* **WORK TO BE COMPLETED**: This exercise requires an exact output of the listing, images omitted.

Segment Start: EXERCISE DATA

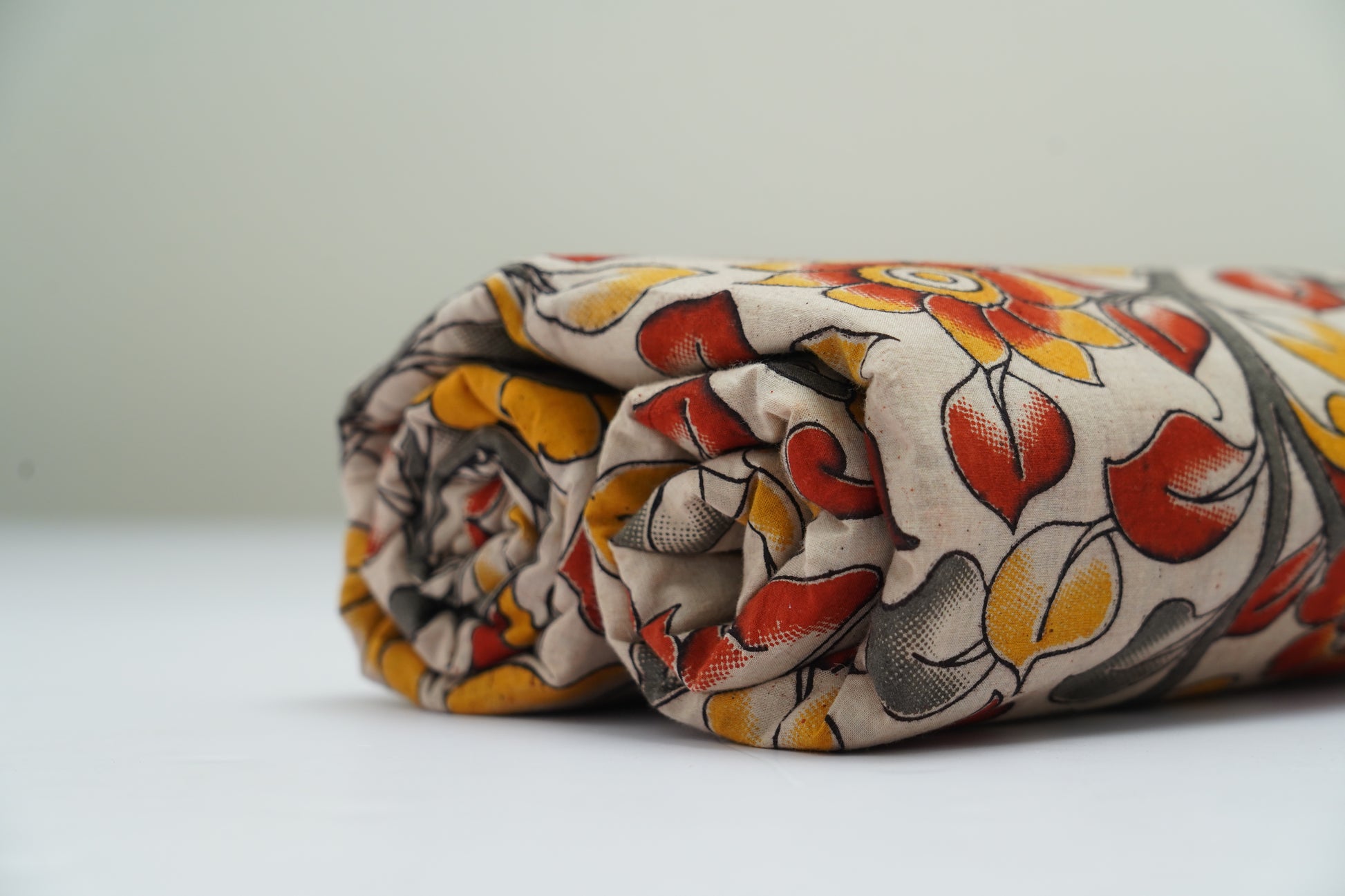 A vibrant Kalamkari cotton featuring an off-white backdrop filled with brick-red blooms, mustard petals, and shaded grey leaves. Flowing vines and bold hand-drawn detailing create a lively, traditional, and richly artistic look.
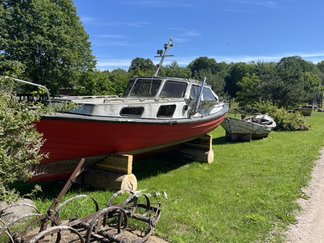 Jonkun matkan päässä talon ja tien vierutalle laitettu venenäyttely. Nämä kulkupelit ovat työsä tehneet ja päässeet viettämään hyvin ansaittua eläkettä. Ihan kuten ohikulkijatkin, jotka tämän ikuisti 😉
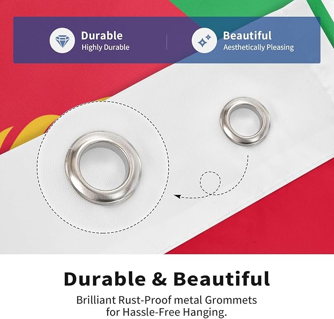 - This 2x3 ft flag Eritrea Eritrean Flag banner is stitched double all around the edge and strengthened by two brass grommet to increase flag life and prevent fraying. Installation and disassembly are very convenient.
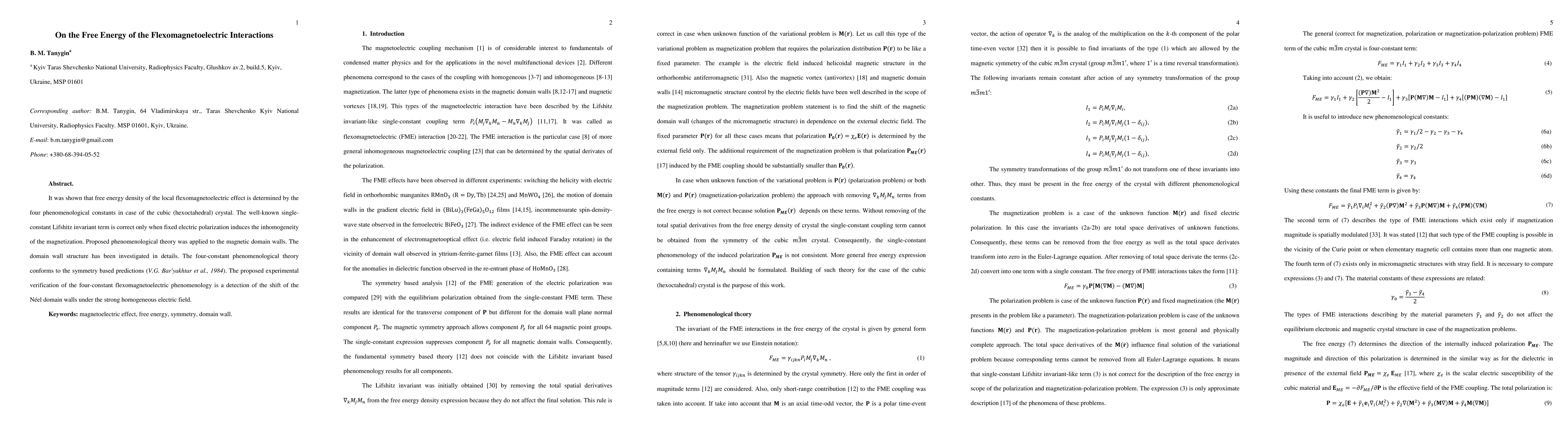 It was shown that free energy density of the local flexomagnetoelectric effect is determined by the four phenomenological constants in case of the cubic (hexoctahedral) crystal. The well-known single-constant Lifshitz invariant term is correct only when fixed electric polarization induces the inhomogeneity of the magnetization. Proposed phenomenological theory was applied to the magnetic domain walls. The domain wall structure has been investigated in details. The four-constant phenomenological theory conforms to the symmetry based predictions (V.G. Bar'yakhtar et al., 1984). The proposed experimental verification of the four-constant flexomagnetoelectric phenomenology is a detection of the shift of the N\'eel domain walls under the strong homogeneous electric field.

Segment End: EXERCISE DATA

* **ANSWER SPACE**:
 A vibrant Kalamkari cotton featuring an off-white backdrop filled with brick-red blooms, mustard petals, and shaded grey leaves. Flowing vines and bold hand-drawn detailing create a lively, traditional, and richly artistic look.
 Jonkun matkan päässä talon ja tien vierutalle laitettu venenäyttely. Nämä kulkupelit ovat työsä tehneet ja päässeet viettämään hyvin ansaittua eläkettä. Ihan kuten ohikulkijatkin, jotka tämän ikuisti 😉
 - This 2x3 ft flag Eritrea Eritrean Flag banner is stitched double all around the edge and strengthened by two brass grommet to increase flag life and prevent fraying. Installation and disassembly are very convenient.
 It was shown that free energy density of the local flexomagnetoelectric effect is determined by the four phenomenological constants in case of the cubic (hexoctahedral) crystal. The well-known single-constant Lifshitz invariant term is correct only when fixed electric polarization induces the inhomogeneity of the magnetization. Proposed phenomenological theory was applied to the magnetic domain walls. The domain wall structure has been investigated in details. The four-constant phenomenological theory conforms to the symmetry based predictions (V.G. Bar'yakhtar et al., 1984). The proposed experimental verification of the four-constant flexomagnetoelectric phenomenology is a detection of the shift of the N\'eel domain walls under the strong homogeneous electric field.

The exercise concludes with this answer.